固有スキルは基本的にステータスを得た時には既にあるもののはずなんだが、ほのかちゃんは山伏修行によって固有スキルに覚醒するという珍しい経験をしている。

厳密には、修行の最中に邂逅した天狗峯の神によって、眠れる力を引き出されたということらしい。(*1)

ともあれ、今のほのかちゃんは他者の感情をありのままに感じ取ることができる。

多文化共生の極みのようなアサイラムにおいて、ほのかちゃんは貴重な戦力なのだ。

そのほのかちゃんから見て、シャイナことシャイナレーゼ姫はどう映ったのか?

「気持ちに偽りはないと思います。窮地から助けてくれた悠人さんのためならなんでもするという気持ちでした」

「そこまで献身的なのもかえって妙な感じだけどな」

「悠人さんは自分のしたことに自覚がなさすぎです。シャイナさんが王族として強い責任感を持ってることも確かですけど」

「悪いことじゃないよな。ただ、その責任感を利用して自分に忠誠を誓わせるようなのは嫌なんだ」

「悠人さんがそういう人なのはわかってます。お母様があれだけ迫ってものらりくらりと逃げ続けた人ですからね」

と、くすりと笑うほのかちゃん。

「ま、まあ、問題なさそうならよかったよ。エキチカに潜れるほどの実力者で、王族や宮廷魔術師としてこの世界にない知識も持ってる子だ。アサイラムに協力してもらえるとありがたいね」

「シャイナさんは決して拒まないと思いますよ。

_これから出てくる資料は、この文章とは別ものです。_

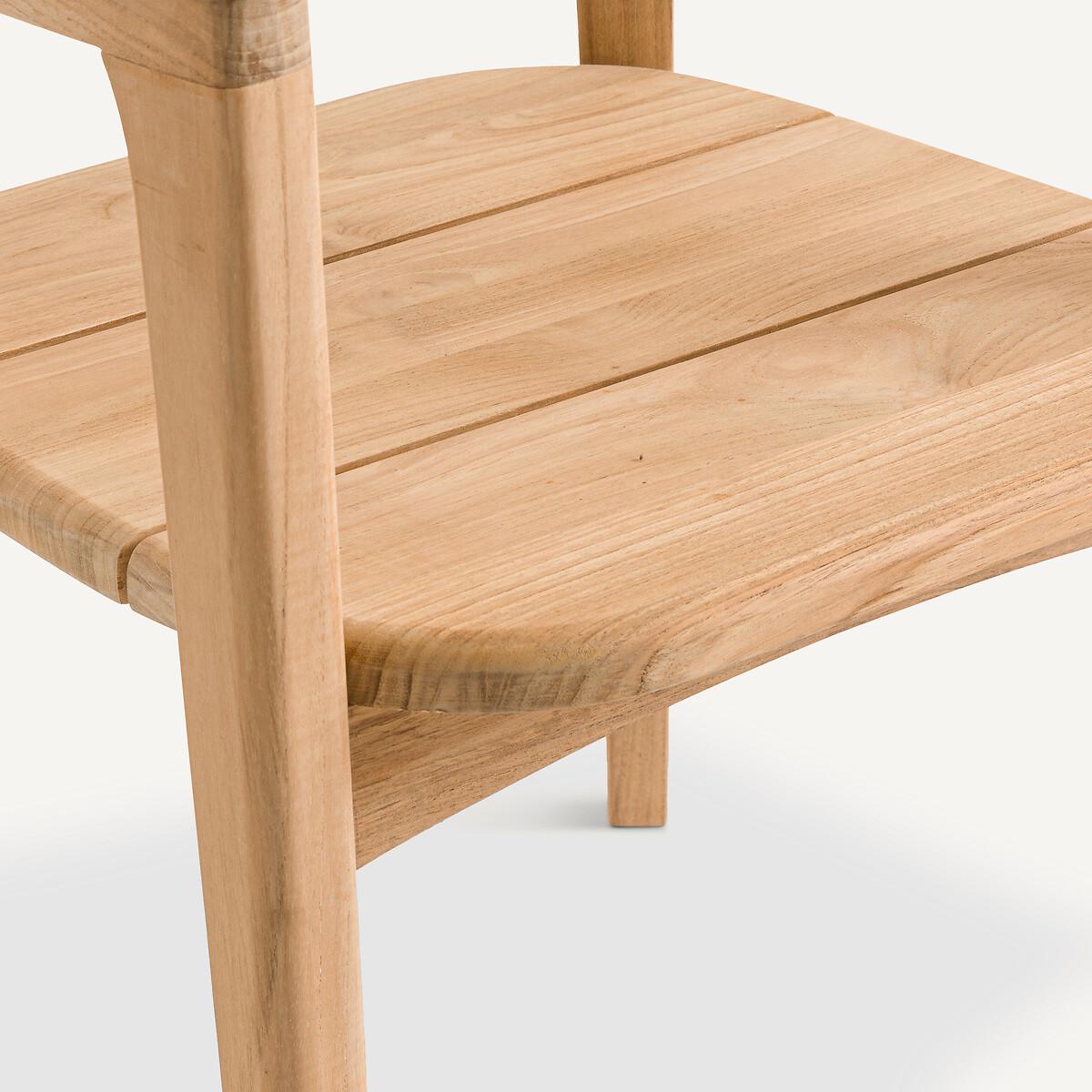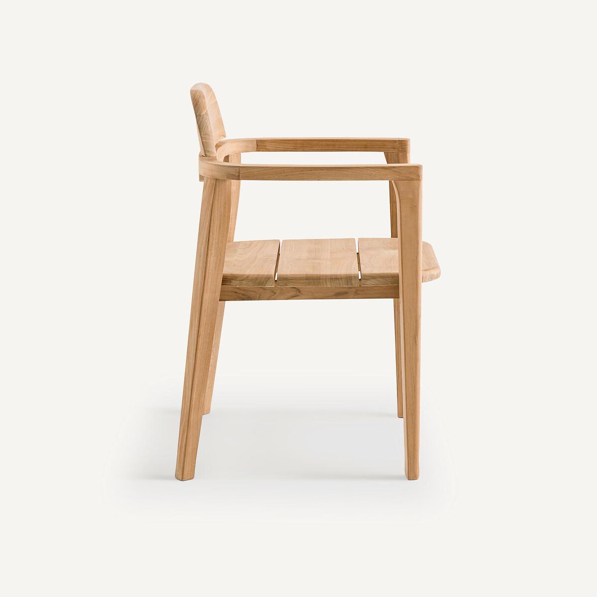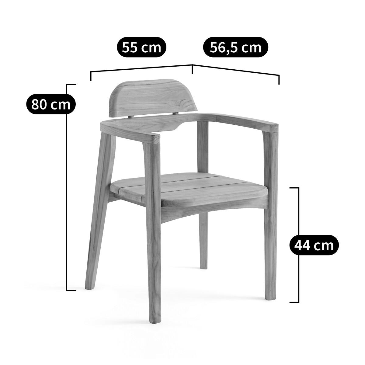Playing with curves and cuts, smooth and soft touch... the Cordano outdoor garden armchair is made of teak. The structure of the backrest creates an elegant curve that catches the eye. A timeless design by AMPM.Product Details • FSC® Solid Teak • Openwork seat • Slightly tapered legs. Quality Info • Solid teak is ideal for outdoor use. It is impregnated with an oil which ensures its durability and resistance to bad weather and attacks by insects and fungi.. Care Advice • Cleaning: use a damp soft cloth and a little soapy water • Low temperatures are likely to affect the proper functioning and surface condition of your outdoor furniture. • We therefore advise you to store it in a dry, ventilated and closed room.. We strongly advise against the use of a tarpaulin because it will act as an oven and will damage the surface conditions; wood and metal products are particularly concerned. • Before any storage, remember to clean and dry the products well, in order to prevent the appearance of mould or unpleasant odours.. • In any case and regardless of the material, it is not recommended to leave the furniture outside without protection, particularly during bad weather and the winter phase.. Dimensions • Width: 55cm • Height: 80cm • Depth: 56.5cm • Seat: L48 x H44 x D50cm • Weight: 13kgDelivery:. Sold pre-assembled. Note! Please check that all access points are large enough to accommodate your delivery (doors, stairs, lifts). • WOOD FROM SUSTAINABLY MANAGED FORESTS. FSC® certified wood comes from forests that are environmentally, socially and economically well managed. Dimensions and weight of parcel • 1 parcel • L89 x H61 x D62cm, 19kg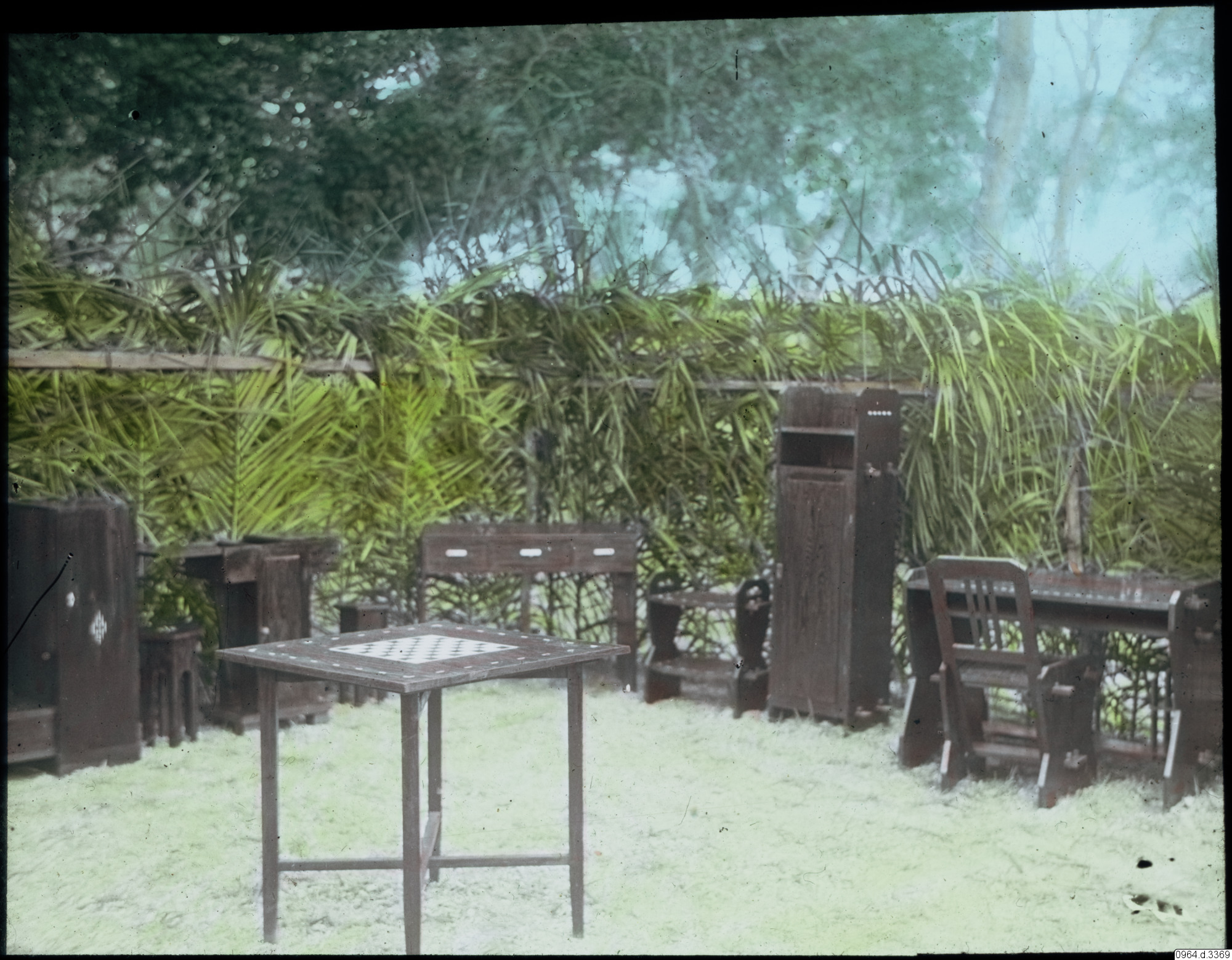schack, möbler, palmkvistar, bord, utställning [?], yrkesskola [?], fotografi, photograph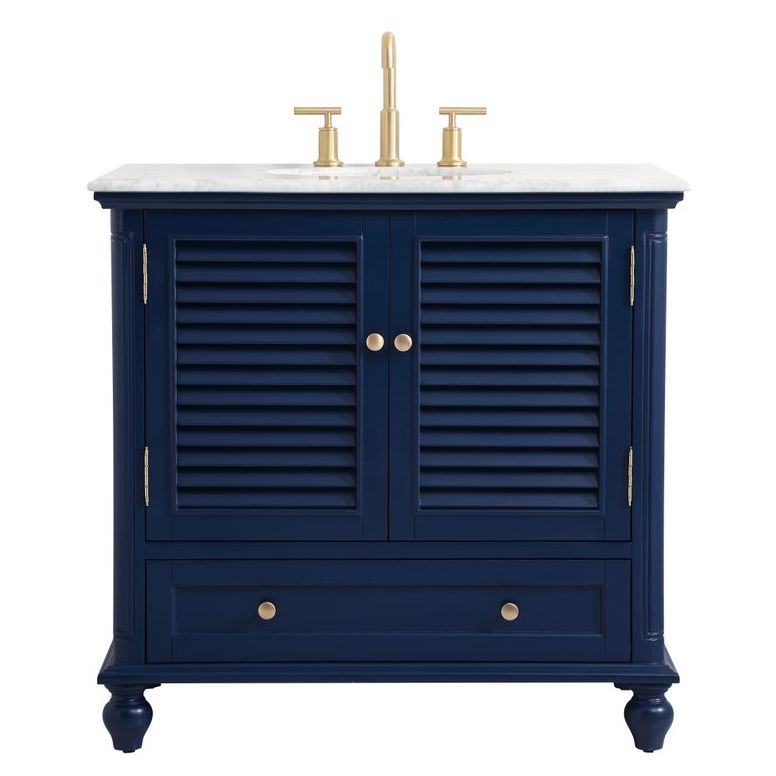 The Rhodes collection compact vanity will add lovely sophistication and complement any small bathroom or powder room, while utilizing its charm and function to provide you with ample storage spaces. Metal round knobs gently adorn the shuttered cabinet door and drawer at the base, allowing for you to store away your bathroom essentials. The Carrara white marble countertop, porcelain undermount sink, dignified subtle engravings on the side edges, and rounded legs all come together to create contemporary beauty. Work with your space, and design a beautiful room, no matter the size.

好奇心旺盛な方のようですし」

ほのかちゃんによるチェックも問題なかったので、俺は翌日、シャイナにアサイラムを案内することにした。

「この拠点の案内をしていただけるのですね!」

一晩眠っただけで、シャイナは元気を取り戻したようだった。

探索者としての実力もあるから、体力や回復力が高いんだろう。

シャイナは、綺麗に櫛を通された青い前髪のあいだから、好奇心に輝く琥珀色の瞳を俺へと向けてくる。

ちなみに、ほのかちゃんには別件があり、今日の案内は俺だけだ。

「まず断っておくと、このアサイラムは基本的にボランティアで運営されてる。衣食住は提供するし、働いた分の手当ても出してるけど、べつに働くことを無理強いしてるわけじゃない。これから施設を見ていく中で、シャイナさんがやりたいと思ったことがあればやればいいし、なければやらなくても構わない」

手当てと呼んでるが、実質的には賃金なので、ボランティアと言ったのはどちらかといえば精神的な意味合いだ。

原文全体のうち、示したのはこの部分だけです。